I love television, am an insomniac, and own three dual toner TiVos. TiVo saved my marriage. In a choice between keeping
my television shows and dumping my ESPN obsessed husband, I would have
gone with TV shows. TiVo lets me have my cake and eat it while
watching a ridiculous amount of television. Valentine features a cast of mostly Greek mythological characters who must unite star crossed soulmates or they’ll lose their god-like powers, become mortal and eventually die.
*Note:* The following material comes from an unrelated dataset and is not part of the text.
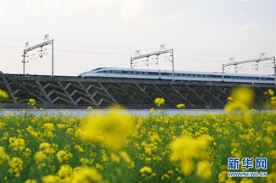 3月20日,一列动车组列车在沪昆高铁贵州关岭段行驶。 春分将至,贵州省安顺市关岭县境内的油菜花陆续开放,动车组列车穿行其间,美不胜收。 新华社记者 杨文斌 摄

The show sets up a simple convention:
Soulmates are introduced. Soulmates are torn apart. The Fates intervene by floating in a business card for the Valentine Corporation which takes the guise of whatever one of the soulmates may need (a plumber, the phone guy, a locksmith … whatever). The Valentine team of Grace/Aphrodite, her henchman Leo/Herakles, her son Danny/Eros, and Phoebe the Pythia aka Priestess of the Oracle at Delphi intervene to bring the soulmates together once Phoebe vets the match with the Oracle and learns their history and how much time they have before the couple is torn apart forever.
The pilot centers on Roland and Joanna who miss their opportunity at happiness when Roland enters the dreaded “friend zone” and supports Joanna through a bevy of crappy boyfriends which eventually culminate in Tad, a cheating douchebag she wants to marry.
The mythological crew has its own internal conflicts:
Grade/Aphrodite is unappreciated by her husband, Ari (likely Ares, the God of War) which sends her into the arms of her ex husband, Ray (still trying to figure out who he is in the mythological scheme).
Danny/Eros thinks love = getting it on, thus he tries to shortcut the matchmaker gig and muddles the situation.
The entire crew is living in the past, requiring the aid of Kate Providence, modern day romance novelist (cue hilarious Fabio scene excerpt of her book). Kate’s character will eventually prove a love match for Danny/Eros.
The pilot is promising but there are a few notes of concern:
The matchmaker portion of the show was entirely too neat, but may become more fleshed out once the show doesn’t need to reassert the premise of its mythological characters which are, for the most part, likeable if one-dimensional.
Plus it never hurts to have a feel-good show on your list.